The climax explodes with visceral intensity, a desperate, pitched battle for the fate of history. Tasha Yar, having made her choice, bids a quiet farewell to her Enterprise-D crewmates, a silent acknowledgment of the profound sacrifice she is about to make. On the Enterprise-C, she assumes tactical command, ready to face the inevitable. Three Klingon K'vort battlecruisers materialize, launching a relentless assault on the Enterprise-D. Captain Picard, embodying unwavering moral leadership, defiantly positions his ship as a shield for the crippled Enterprise-C, declaring, 'We may not survive... but we must succeed.' The Enterprise-D endures catastrophic damage, its systems failing, its hull buckling under continuous fire. Geordi battles a critical coolant leak in Engineering, facing an imminent warp core breach, while Picard personally mans Tactical, refusing to yield.
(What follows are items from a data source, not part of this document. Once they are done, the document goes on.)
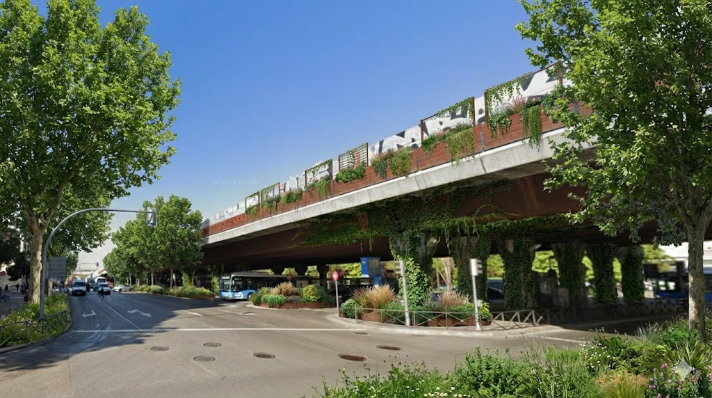 Aunque sea la dirección opuesta al centro con el puente soterrado van a seguir teniendo trafico en superficie pero mucho mebos y eso siemore es bueno, y aunque nunca van a poder meter ahí un nuevo Madrid Rio porque el espacio es el que es, pueden ,acabar ajardinando algo, aunque seaunos pocos árboles, y sobre todo bye bye bicharraco cochista humeante.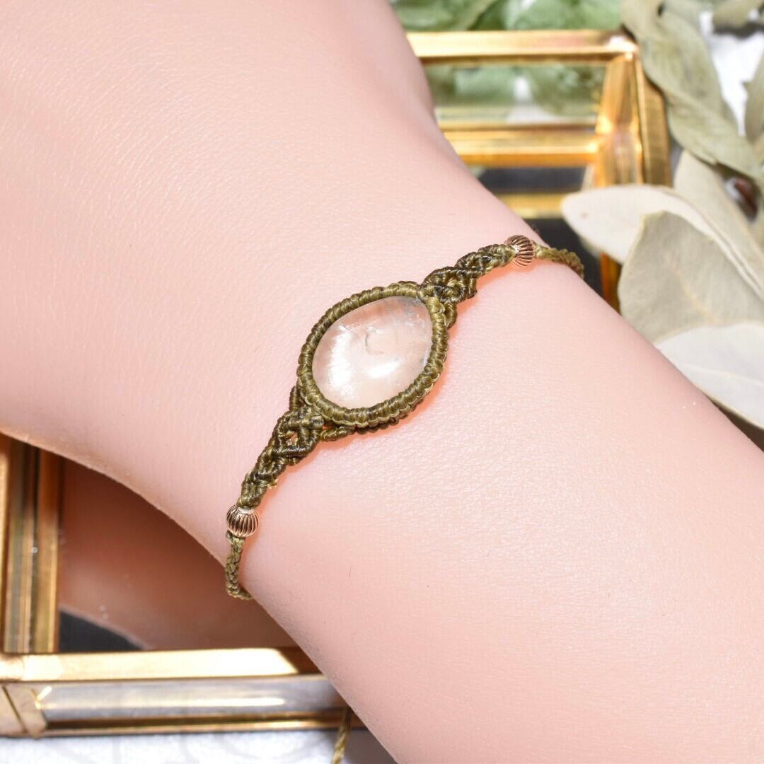 マクラメシンプルブレスレット ヒデナイト(グリーンクンツァイト)レインボー入り 14KGF使用 MB14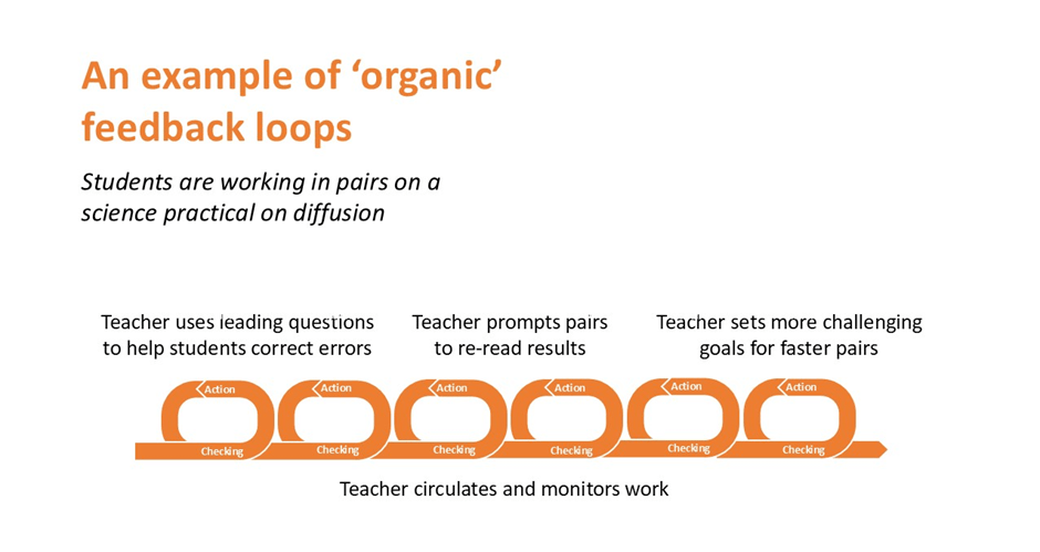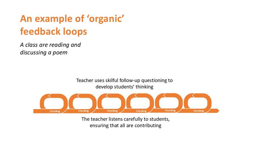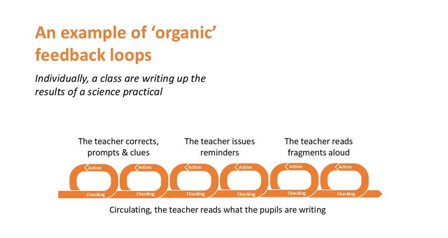 I think these organic processes, often less visible and more subtle, can be a little neglected in discussions of ‘checking for understanding’. If, instead of thinking ‘When shall I check for understanding in this lesson?’, we think ‘How will feedback loops be operating in this lesson?’, then it can potentially result in better teaching.
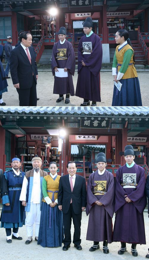 이경재 방송통신위원장이 ‘불의 여신 정이’ 이상윤 문근영 등 출연진과 이야기를 나누고 있다. 아래 사진은 출연진과 함께 찍은 기념 컷. /방통위 제공.
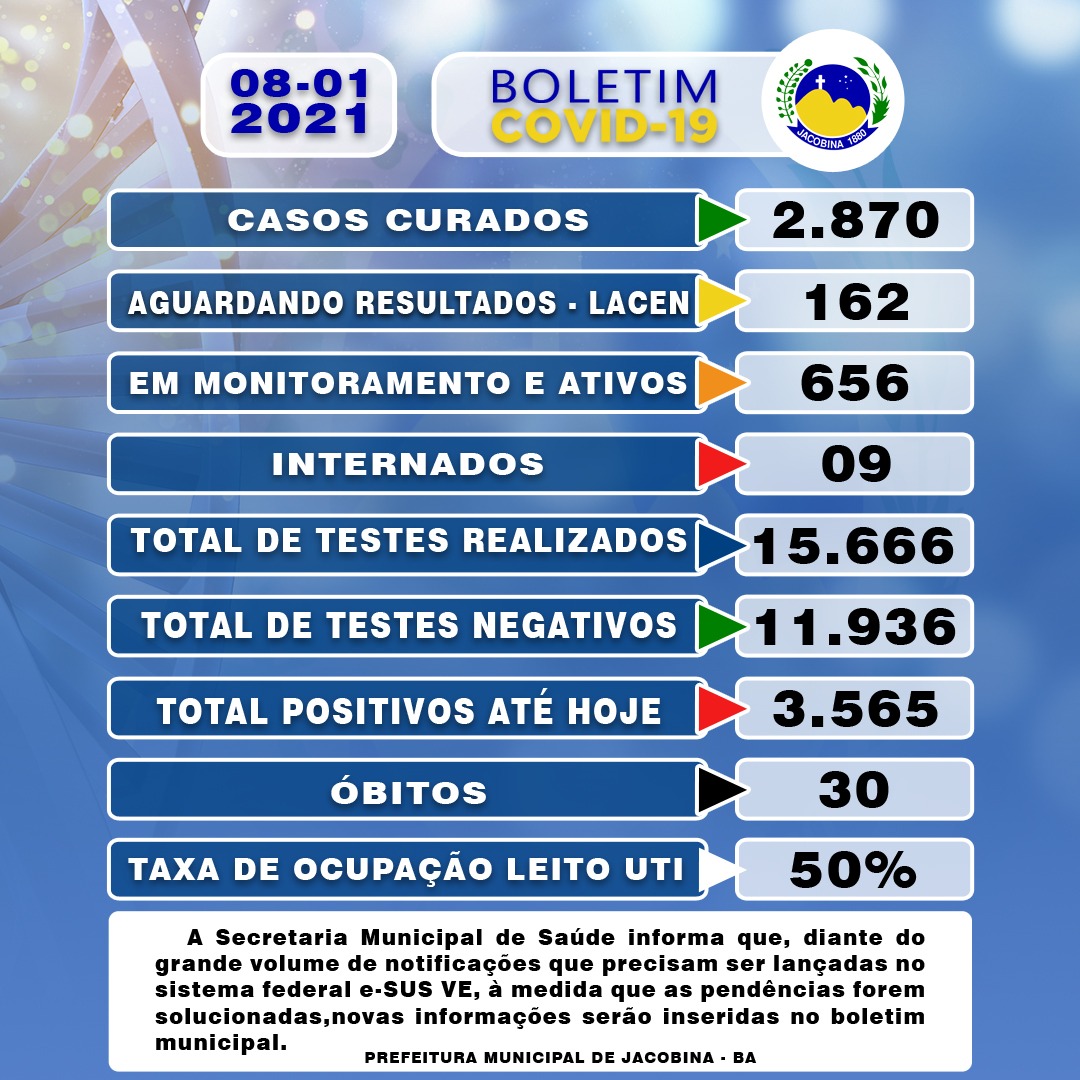 Na quinta-feira (7), em seu perfil pessoal, Tiago divulgou um boletim com os dados atualizados da doença no município até o dia 6 de janeiro. “Atualizando a Covid-19 após a Secretaria de Saúde trabalhar muito neste início de gestão. Recebemos a pasta com o site covid fora do ar e o Instagram oficial da PMJ apagado. Estamos construindo e tudo vai voltar a este novo normal”, escreveu.

Amidst the chaos and mounting casualties, the Enterprise-C, guided by Castillo and Yar, times its entry perfectly, shimmering and then vanishing into the temporal rift, fulfilling its doomed mission. The Enterprise-D, battered and near destruction, emerges from the collapsing rift to find history instantly reset. The militarized bridge, the hardened crew, and the war itself evaporate, replaced by the familiar, peaceful reality. Guinan, though vindicated by the restoration of the proper timeline, bears the profound emotional cost. In Ten-Forward, she asks Geordi to 'tell me about Tasha Yar,' a poignant, tragic request that acknowledges the life given to mend the fabric of time, sealing the themes of sacrifice, honor, and the human price of righting a cosmic wrong.